Lambda Leporis

Observation data Epoch J2000.0 Equinox J2000.0 (ICRS)
- Constellation: Lepus
- Right ascension: 05^{h} 19^{m} 34.52405^{s}
- Declination: −13° 10′ 36.4408″
- Apparent magnitude (V): +4.286±0.005

Characteristics
- Spectral type: B0.5 V
- U−B color index: −1.010±0.005
- B−V color index: −0.273±0.015

Astrometry
- Radial velocity (R_{v}): +20.2±2.7 km/s
- Proper motion (μ): RA: −3.30 mas/yr Dec.: −4.91 mas/yr
- Parallax (π): 3.83±0.24 mas
- Distance: 850 ± 50 ly (260 ± 20 pc)
- Absolute magnitude (M_{V}): −2.77±0.15

Details
- Mass: 15.0±3.5 M_{☉}
- Radius: 4.5±0.3 R_{☉}
- Luminosity: 15,488 L_{☉}
- Surface gravity (log g): 4.30±0.05 cgs
- Temperature: 30,400±300 K
- Metallicity [Fe/H]: −0.15 dex
- Rotational velocity (v sin i): 30±1 km/s
- Age: 8±2 Myr
- Other designations: λ Lep, 6 Lep, BD−13°1127, HD 34816, HIP 24845, HR 1756, SAO 150340

Database references
- SIMBAD: data

= Lambda Leporis =

Star in the constellation Lepus

Lambda Leporis, which is the Latinized form of λ Leporis, is a solitary, blue-white hued star in the southern constellation of Lepus.
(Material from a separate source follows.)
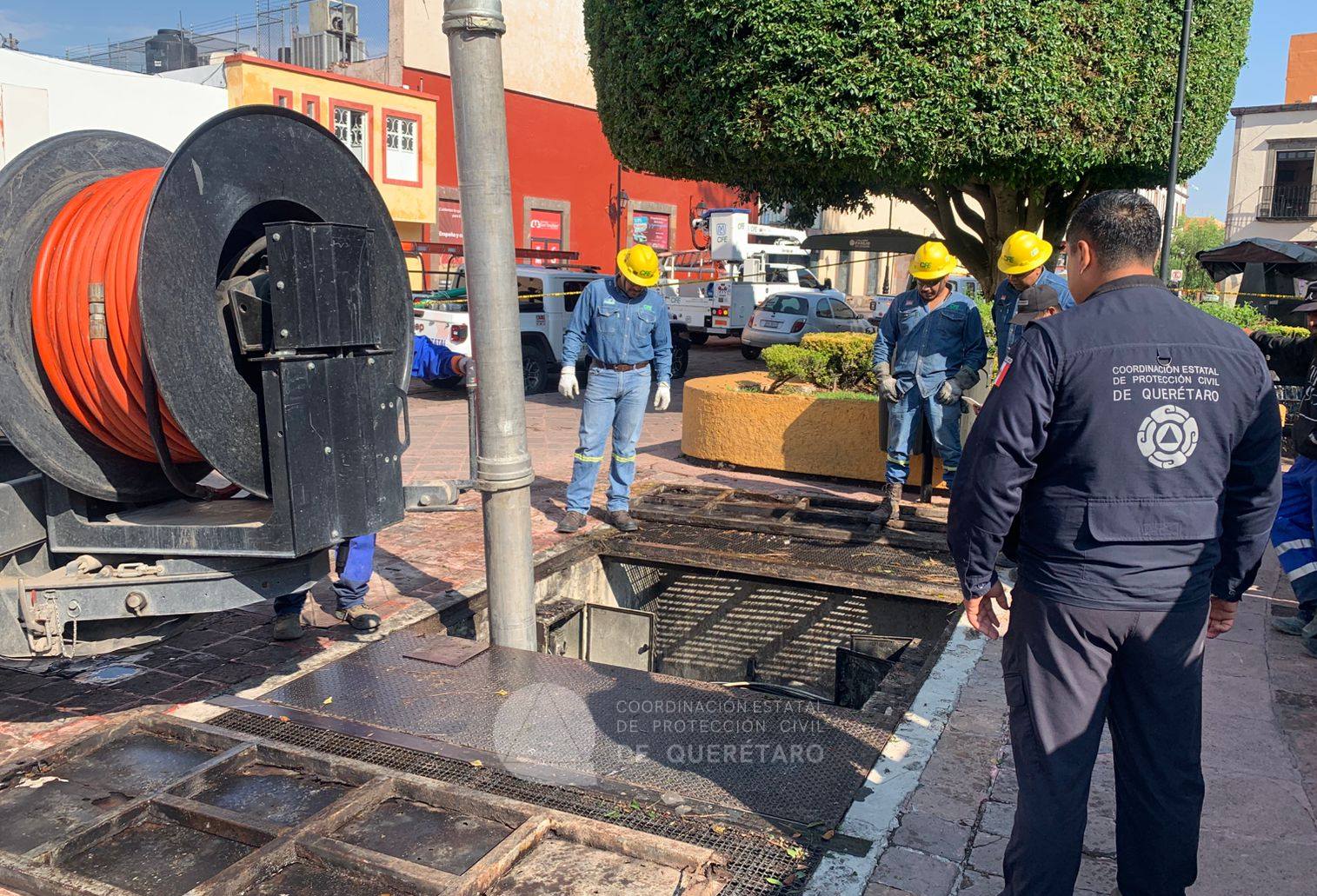 Buscan a dos personas caídas en cárcamo de Corregidora

It is visible to the naked eye with an apparent visual magnitude of +4.29. Based upon an annual parallax shift of 3.83 mas, it is estimated to lie roughly 850 light years from the Sun. Relative to its neighbors, this star has a peculiar velocity of 16.3±2.8 km/s. It is a member of the Orion OB1 association (Ori OB1), and it has been identified as a high-velocity runaway star.

This is a massive, B-type main-sequence star with a corrected stellar classification of B0.5 V. It is an estimated eight million years old and is spinning with a projected rotational velocity of 30 km/s. This star has around 15 times the mass of the Sun and 4.5 times the Sun's radius. It is radiating 15,488 times the Sun's luminosity from its photosphere at an effective temperature of 30,400 K.